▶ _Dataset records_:
☆ ☆ ☆

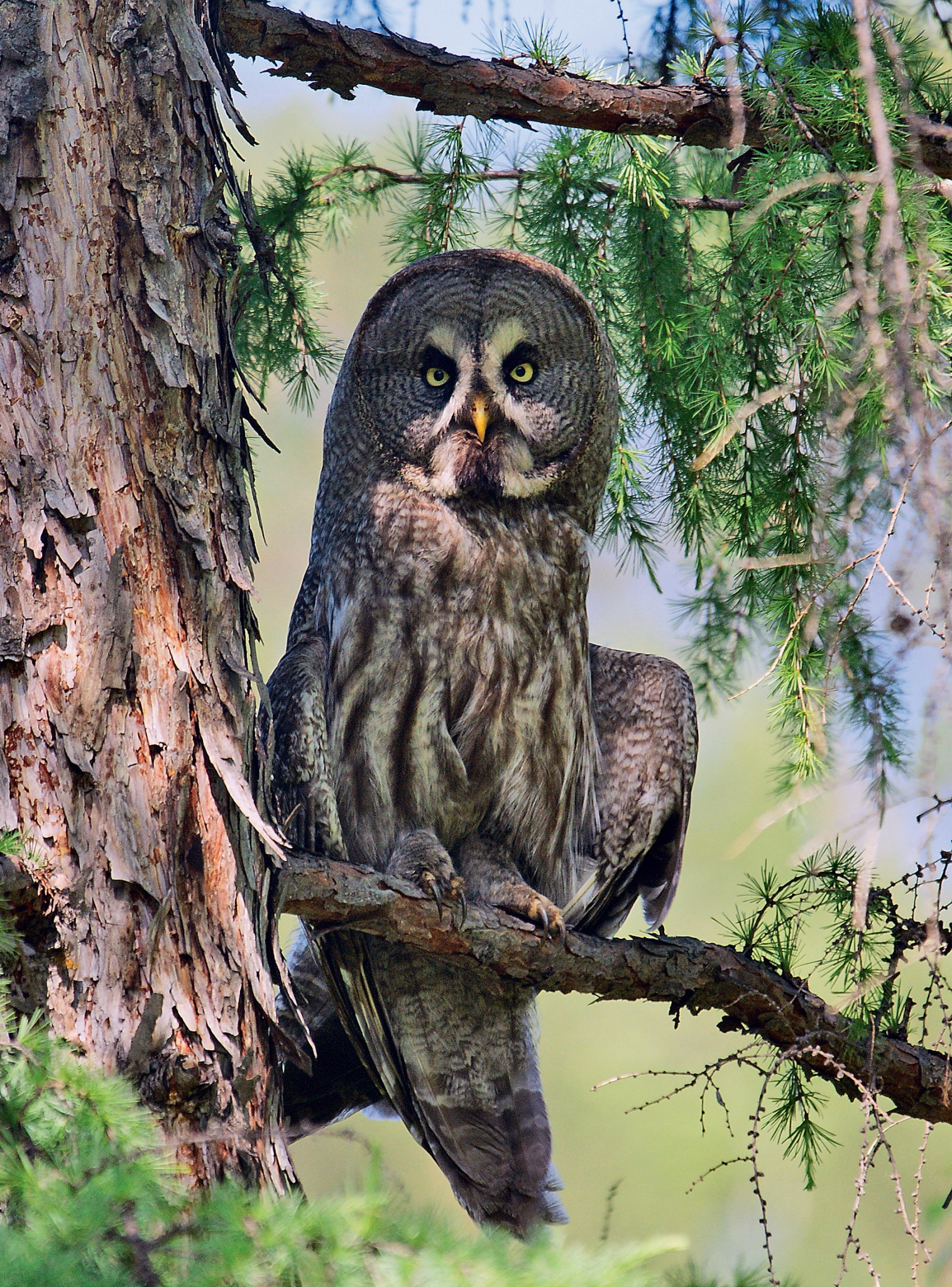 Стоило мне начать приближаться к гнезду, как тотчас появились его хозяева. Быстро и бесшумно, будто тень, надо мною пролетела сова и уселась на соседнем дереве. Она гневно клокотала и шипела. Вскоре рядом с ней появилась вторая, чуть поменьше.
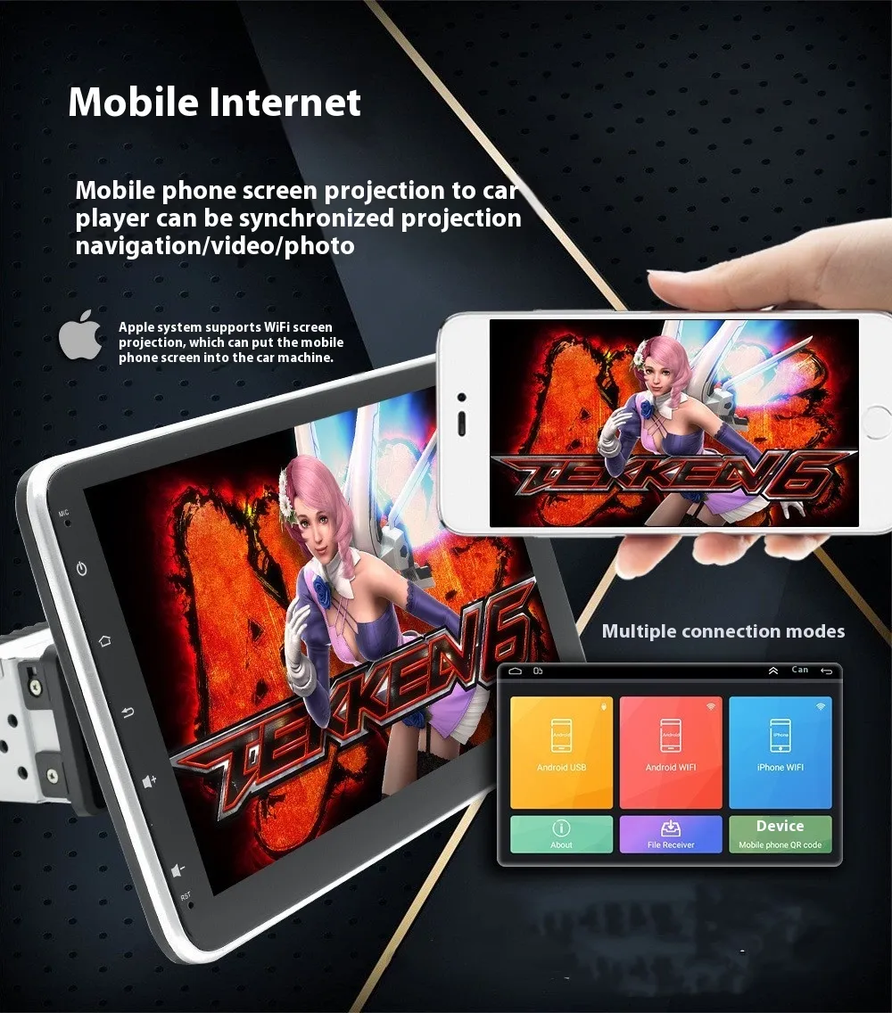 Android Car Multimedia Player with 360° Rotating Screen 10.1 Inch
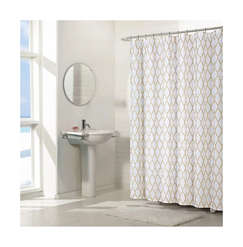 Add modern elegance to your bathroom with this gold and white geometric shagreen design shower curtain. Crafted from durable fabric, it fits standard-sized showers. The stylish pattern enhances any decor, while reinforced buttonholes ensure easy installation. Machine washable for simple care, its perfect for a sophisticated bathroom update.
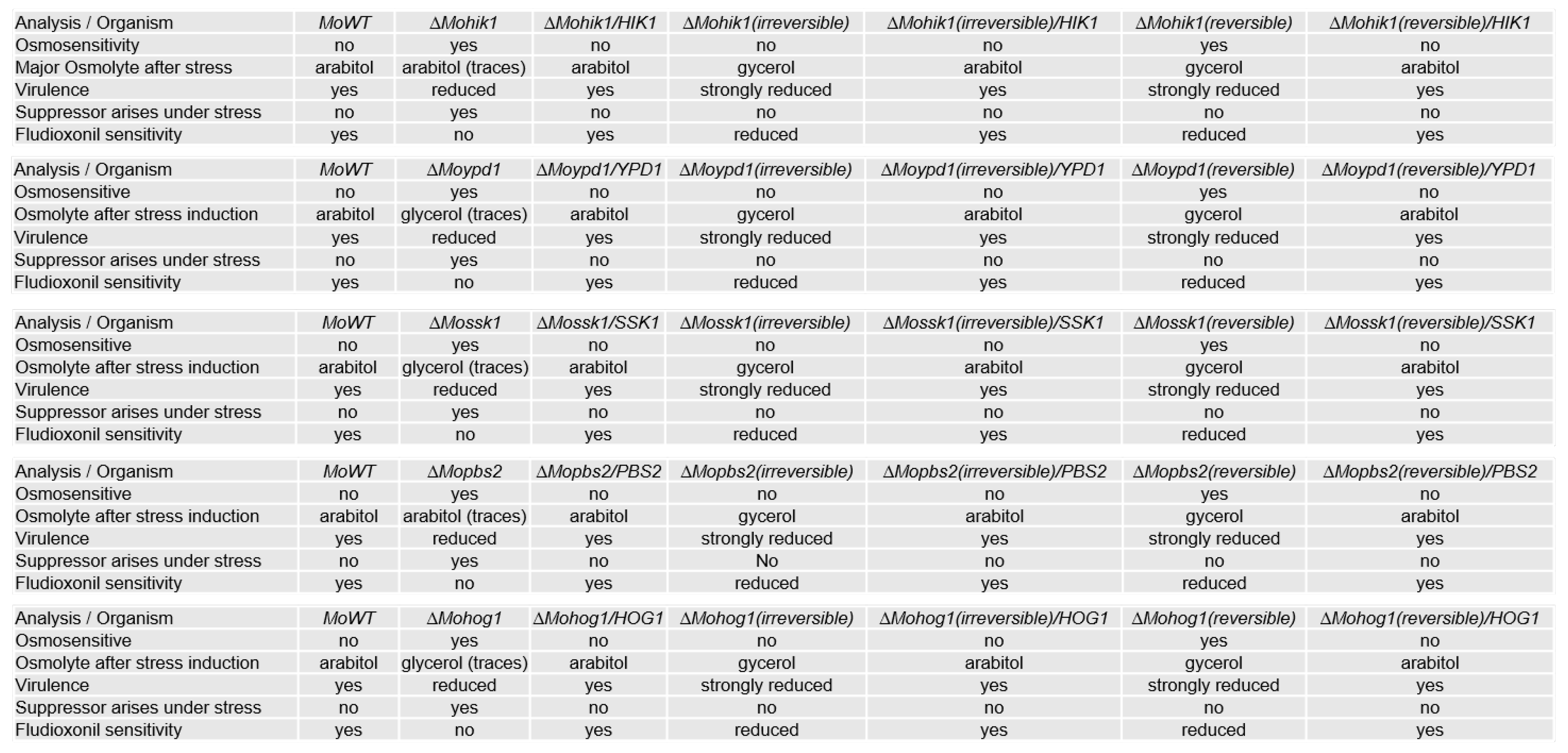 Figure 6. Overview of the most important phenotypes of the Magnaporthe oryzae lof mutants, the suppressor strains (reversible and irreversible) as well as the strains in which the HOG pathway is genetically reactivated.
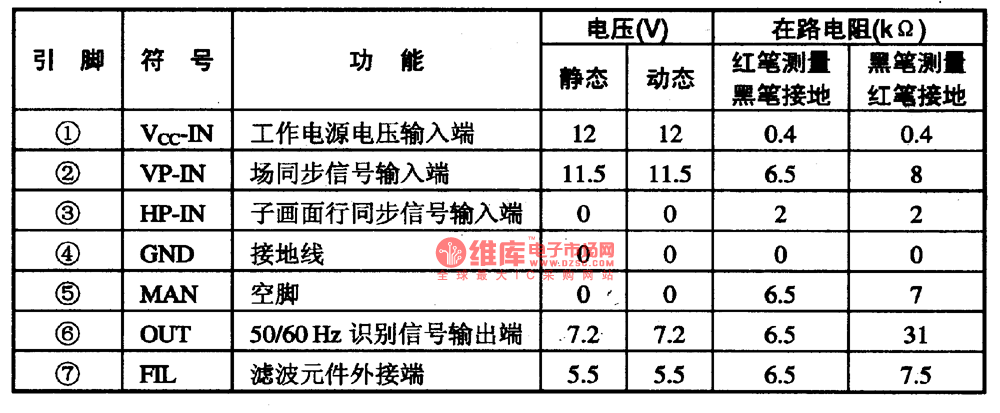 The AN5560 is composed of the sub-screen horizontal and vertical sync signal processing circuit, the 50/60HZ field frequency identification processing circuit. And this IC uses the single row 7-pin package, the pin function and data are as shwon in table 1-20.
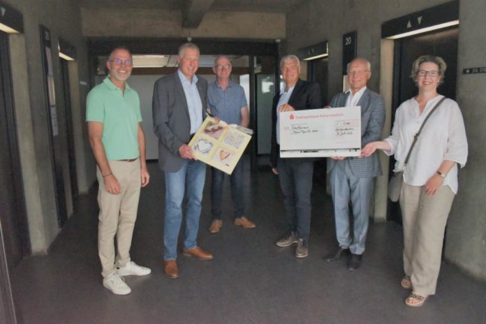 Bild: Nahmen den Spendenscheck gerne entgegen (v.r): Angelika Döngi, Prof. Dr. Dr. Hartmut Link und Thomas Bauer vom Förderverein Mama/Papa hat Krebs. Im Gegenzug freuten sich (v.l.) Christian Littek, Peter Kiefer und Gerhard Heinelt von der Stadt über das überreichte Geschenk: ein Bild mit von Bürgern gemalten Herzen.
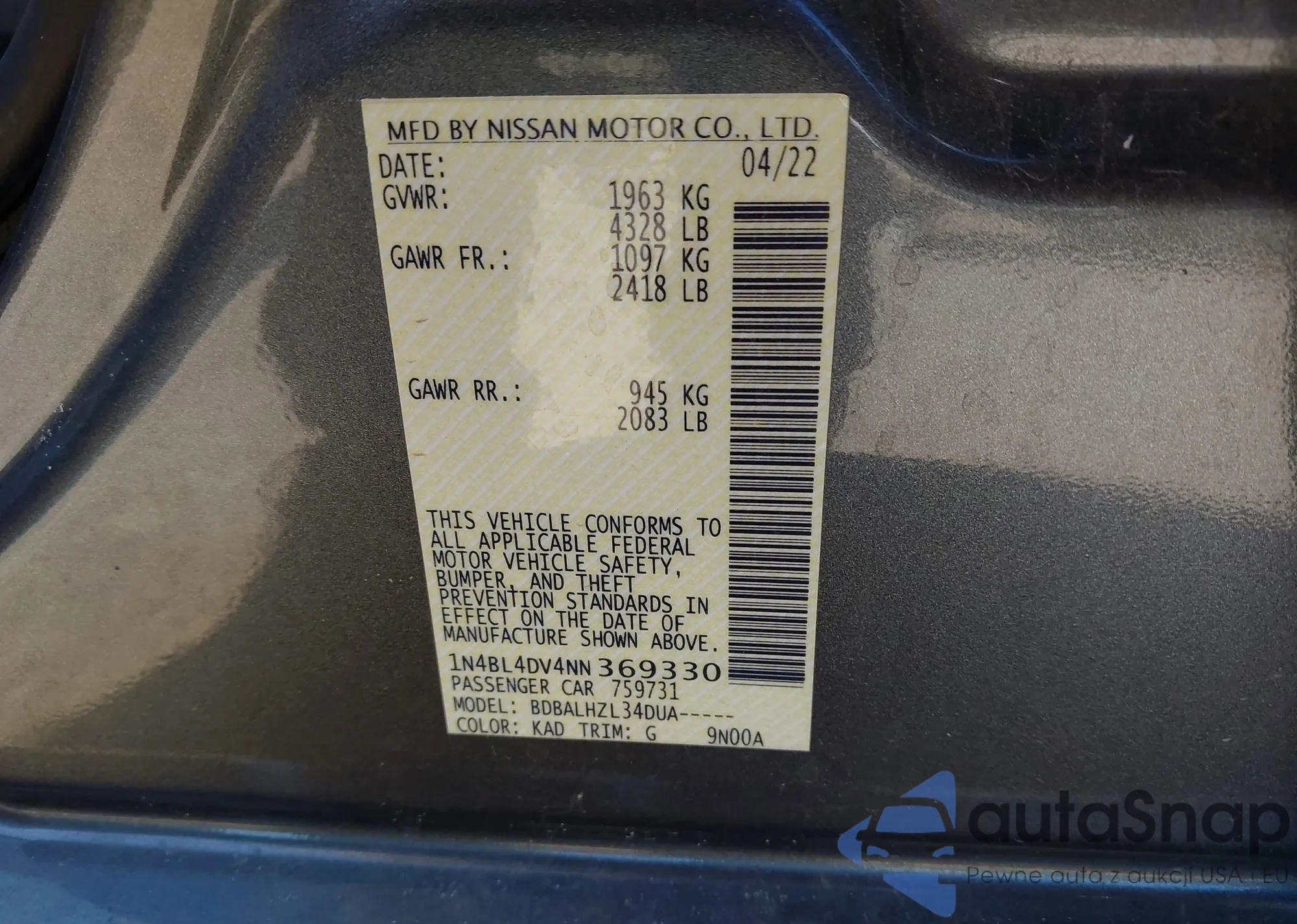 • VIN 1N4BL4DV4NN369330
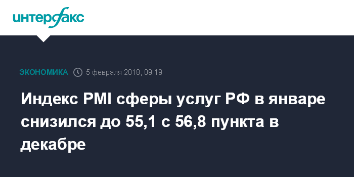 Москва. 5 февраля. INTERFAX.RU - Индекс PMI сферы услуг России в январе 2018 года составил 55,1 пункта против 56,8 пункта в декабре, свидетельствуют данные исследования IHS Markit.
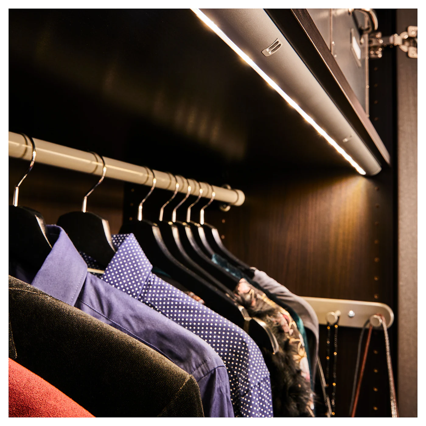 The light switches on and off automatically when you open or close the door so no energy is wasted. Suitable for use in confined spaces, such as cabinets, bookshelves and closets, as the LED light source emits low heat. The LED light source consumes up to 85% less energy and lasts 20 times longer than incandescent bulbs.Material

☆ ☆ ☆

▶ _Brief_: Take the lines above from the top of the records through the one with "Android Car Multimedia" and repeat them exactly, without any pictures.

▶ _Finished exercise_:
 Стоило мне начать приближаться к гнезду, как тотчас появились его хозяева. Быстро и бесшумно, будто тень, надо мною пролетела сова и уселась на соседнем дереве. Она гневно клокотала и шипела. Вскоре рядом с ней появилась вторая, чуть поменьше.
 Android Car Multimedia Player with 360° Rotating Screen 10.1 Inch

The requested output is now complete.